[Start of section]

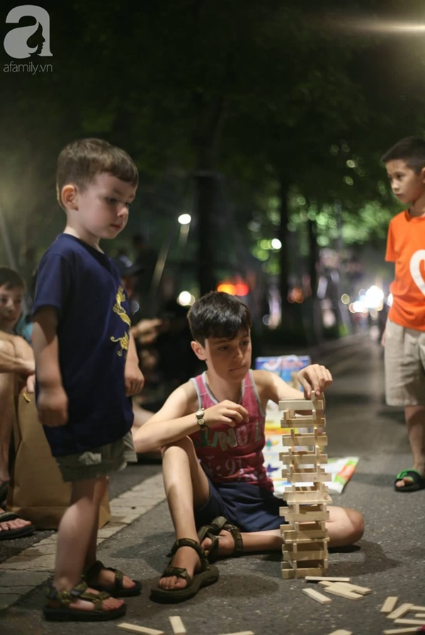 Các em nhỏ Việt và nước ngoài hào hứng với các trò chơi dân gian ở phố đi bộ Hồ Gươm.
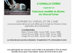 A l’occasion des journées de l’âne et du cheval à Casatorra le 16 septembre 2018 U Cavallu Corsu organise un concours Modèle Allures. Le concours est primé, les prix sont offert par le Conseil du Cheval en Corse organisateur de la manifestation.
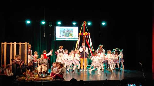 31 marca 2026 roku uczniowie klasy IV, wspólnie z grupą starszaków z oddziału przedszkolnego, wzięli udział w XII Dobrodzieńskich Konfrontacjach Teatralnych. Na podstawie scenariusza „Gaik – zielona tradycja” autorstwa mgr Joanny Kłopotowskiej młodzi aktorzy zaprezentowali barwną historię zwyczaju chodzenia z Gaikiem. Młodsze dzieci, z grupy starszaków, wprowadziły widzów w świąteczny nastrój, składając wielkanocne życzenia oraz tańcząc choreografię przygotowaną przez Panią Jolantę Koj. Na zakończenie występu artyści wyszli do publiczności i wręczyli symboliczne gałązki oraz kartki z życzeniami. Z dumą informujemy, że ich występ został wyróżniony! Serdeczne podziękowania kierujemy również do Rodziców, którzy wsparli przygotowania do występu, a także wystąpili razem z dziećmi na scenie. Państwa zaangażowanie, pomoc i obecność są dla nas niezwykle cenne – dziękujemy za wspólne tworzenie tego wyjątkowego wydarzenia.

[End of section]

*What is required*. Retype the whole of the data verbatim. Skip every picture.

*Task output*.
 Các em nhỏ Việt và nước ngoài hào hứng với các trò chơi dân gian ở phố đi bộ Hồ Gươm.
 A l’occasion des journées de l’âne et du cheval à Casatorra le 16 septembre 2018 U Cavallu Corsu organise un concours Modèle Allures. Le concours est primé, les prix sont offert par le Conseil du Cheval en Corse organisateur de la manifestation.
 31 marca 2026 roku uczniowie klasy IV, wspólnie z grupą starszaków z oddziału przedszkolnego, wzięli udział w XII Dobrodzieńskich Konfrontacjach Teatralnych. Na podstawie scenariusza „Gaik – zielona tradycja” autorstwa mgr Joanny Kłopotowskiej młodzi aktorzy zaprezentowali barwną historię zwyczaju chodzenia z Gaikiem. Młodsze dzieci, z grupy starszaków, wprowadziły widzów w świąteczny nastrój, składając wielkanocne życzenia oraz tańcząc choreografię przygotowaną przez Panią Jolantę Koj. Na zakończenie występu artyści wyszli do publiczności i wręczyli symboliczne gałązki oraz kartki z życzeniami. Z dumą informujemy, że ich występ został wyróżniony! Serdeczne podziękowania kierujemy również do Rodziców, którzy wsparli przygotowania do występu, a także wystąpili razem z dziećmi na scenie. Państwa zaangażowanie, pomoc i obecność są dla nas niezwykle cenne – dziękujemy za wspólne tworzenie tego wyjątkowego wydarzenia.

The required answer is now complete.